Our results suggest that a limited number of horizontal-acquisition events, coupled with the fine-scale functional modulation of existing proteins, are likely to be the major drivers underlying Bp virulence. The extensive genomic similarity between Bp and Bt suggests that, in some cases, Bt could be used as a possible model system for studying certain aspects of Bp behavior.
- Genomic Island
- Orthologous Gene Pair
- Core Metabolism
- Virulence Related Gene
Identifying the molecular mechanisms and pathways responsible for generating and regulating pathogen virulence is a key challenge of infectious diseases research. Besides increasing our basic understanding of pathogen behavior, such information is also essential for many clinically-relevant areas including the acquisition of drug resistance, vaccine design, and the emergence of new diseases [1, 2]. With the increasing availability of complete genome sequence data from multiple microbial pathogens, comparative genomics has recently emerged as a powerful tool to understand the basic molecular properties of pathogens. A particularly useful analysis in this regard has been to compare the genomes of a virulent species to a closely related but avirulent family member. Such studies have revealed the fundamental importance of horizontal acquisition, gene mutation, genome rearrangements, and bacteriophage mediated recombination in the development of virulence [3–5]. However, of the >60 microbial pathogens sequenced to date, less than a quarter (<15) have been compared in this manner. To achieve a broad understanding of the general mechanisms governing the evolution of pathogens, it is likely that such comparative analysis will be required for several more pathogenic species.

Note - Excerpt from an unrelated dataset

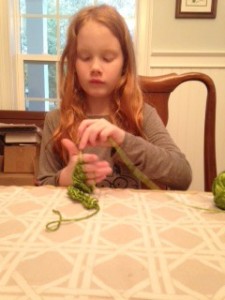 My oldest girls love making crafts. One of them even has the goal of knitting all of her Christmas gifts. So, I thought finger knitting would be a fun craft to do together.

The Gram-negative pathogen B. pseudomallei (Bp) is the causative agent of melioidosis, a serious, often fatal disease of both humans and animals [6, 7]. Endemic to many parts of South East Asia and Northern Australia, Bp is considered a major tropical pathogen  and Category B biowarfare agent . In many countries, Bp can only be experimentally manipulated under biosafety level 3 (BSL3) conditions (ABSA, USA). In contrast to Bp, the related species B. thailandensis (Bt) is nonpathogenic for humans and animals although it displays several phenotypic characteristics similar to Bp. Indeed, by routine diagnostic tests, it is often difficult to distinguish the two . Like Bp, Bt is also a soil saprophyte, and until its classification as a distinct species in 1998 was considered to represent a subtype of Bp [11, 12]. Recently, the genome sequence of one Bt strain, E264, was reported and compared to Bp and B. mallei, another related species . However, in that work, most of the comparative analysis was confined to a set of 716 genes transcriptionally regulated in B. mallei upon mouse infection, representing less than 15% of all genes in Bp. The identification of Bt-specific genetic elements was also not addressed in that report, which might also prove important for understanding virulence, as recent reports have suggested that gene loss can also contribute to pathogenesis . To definitely address the roles of horizontal transfer, gene mutation, and transcriptional plasticity on the development of Bp virulence, a comprehensive genome-wide comparison of Bp and Bt is required.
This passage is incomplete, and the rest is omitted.